Both the 68000 and 68008 are 32-bit, because the architecture is 32-bit even though they had 16-bit and 8-bit data busses respectively. The data bus width doesn’t define the bit-ness of a processor.
I think they’re specifically talking about data bus widths and how they don’t change the architecture. It seems like this whole thread is in violent agreement
I think that having an 8-bit bus made esaier to use peripheral ICs designed on 8 bit bus, for instance the CRTC or the floppy controller. Olivetti M24 that had an 8086 had to use a bus converter circuitry for the expansion bus and some peripherals, and I think they patented it.
I do remember the introduction of the IBM PC as it was reviewed in the UK magazine Personal Computer World, November 1981. The introduction of the 8086 and 8088 is fascinating, but at least one assertion in this article can’t be correct.
The 8088 and the 8086 have basically the same die. If you compare the 8086 at Ken Shirriff’s blog.
http://www.righto.com/2020/06/a-look-at-die-of-8086-processor.html
And the 8088 at ieee Spectrum:
https://spectrum.ieee.org/chip-hall-of-fame-intel-8088-microprocessor
You can see, once you rotate them, that they must be virtually identical.

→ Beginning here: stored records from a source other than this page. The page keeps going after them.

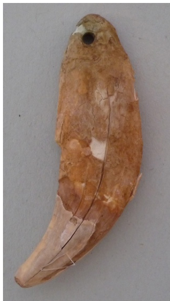
Abb. 5: Bärenzahn Weingarten 778, M 1:1;

In den weiteren Gräberfeldern der eingegrenzten Region konnten Bärenzähne ausschließlich als Beigabe weiblicher Individuen der Alterstufen infans I (2x), infans II (3x) und adult (5x) beobachtet werden. Der Zeitraum ihres Erscheinens erstreckt sich über die Phasen SW II bis SW IV, wobei sie in letztgenannter bereits seltener anzutreffen sind. Mehrheitlich konnten Bärenzähne im Bereich der Gürtelgehänge lokalisiert werden; in Schretzheim Grab 410 spricht die Lage für eine Trageweise an einer Halskette, in Schleithem befand sich ein Bärenzahn zusammen mit einer organischen Substanz, vermutlich Weihrauch (s. Absatz „Weihrauch“) unter einer Schale zu Füße eines ca. vierjährigen Mädchens. Weitere Beifunde zu den Bärenzähnen für die man einen christlichen Hintergrund annehmen könnte sind eine kreuzverzierte Goldscheibenfibel mit Inschrift (Grab 22) sowie eine Zierscheibe mit einer Swastika im Inneren (Grab 540) von Schretzheim.
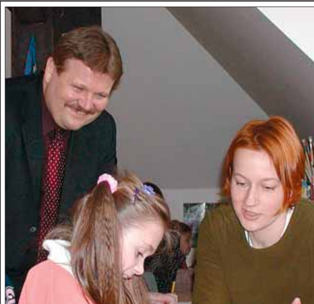
Začátkem února přijal ministr práce a sociálních věcí Zdeněk Škromach pozvání studentů Jedličkova ústavu v Praze.

Od 1. ledna 2004 zavedlo Ministerstvo práce a sociálních věcí (MPSV) na všech úřadech práce program „První příležitost“, který je určen pro mladé uchazeče o zaměstnání do 25 let. Pokračování na straně 4
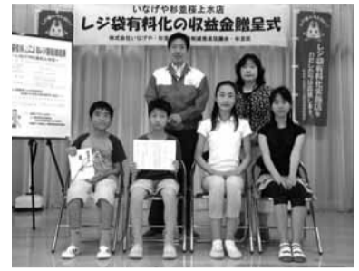
いなげや桜上水店から高井戸第三小学校へピオトープ看板などが贈られました

スーパーいなげやの杉並新高円寺店と杉並桜上水店は、レジ袋有料化による収益金で、堀之内小学校に「緑と野鳥の掲示板」を、高井戸第三小学校に「ピオトープ看板等」を寄贈しました。6月22日に堀之内小、29日には高井戸第三小で贈呈式が行われました。 問環境都市推進課

This makes sense as, in my naive mind, all you need to do to turn an 8086 into an 8088 is start latching instruction fetches in to the 3rd byte of the instruction queue instead of the first (thus achieving a 4-byte queue instead of 6), and treat all word data fetches as unaligned (an 8086 had 16-bit datapaths internally so an unaligned 16-bit access, .e.g read must read from the first address and latch it in the low byte of its MBR and then increment the address and place the byte in the high byte of its MBR).
I’m pretty sure there are almost no other differences. So, the chip isn’t simpler to make and wouldn’t have a smaller die (except for process shrinks).
Exactly. The linked article says pretty much the same thing. The 8086 and the 8088 are very nearly the same chip, with similar die size and complexity. They were different, though, with different performance and difference part numbers. That difference let Intel sell the 8088 at a price lower than the 8086.
It had nothing to do with the hardware.
Intel had contracts to deliver the 8086 to bunches of customers. If they had sold the 8086 to IBM at a lower price they’d have had angry customers demanding lower prices.
Since Intel sold the 8088 to IBM (and there were no other contracts for it,) Intel could set the price for the 8088 wherever they liked without pissing off other customers.
Purely business details.
The 8088 die is no smaller than the 8086. It uses a smaller package, which cut costs there, and could use 8 bit peripherals, which were in plentiful supply, but cost savings in the silicon wafer did not exist.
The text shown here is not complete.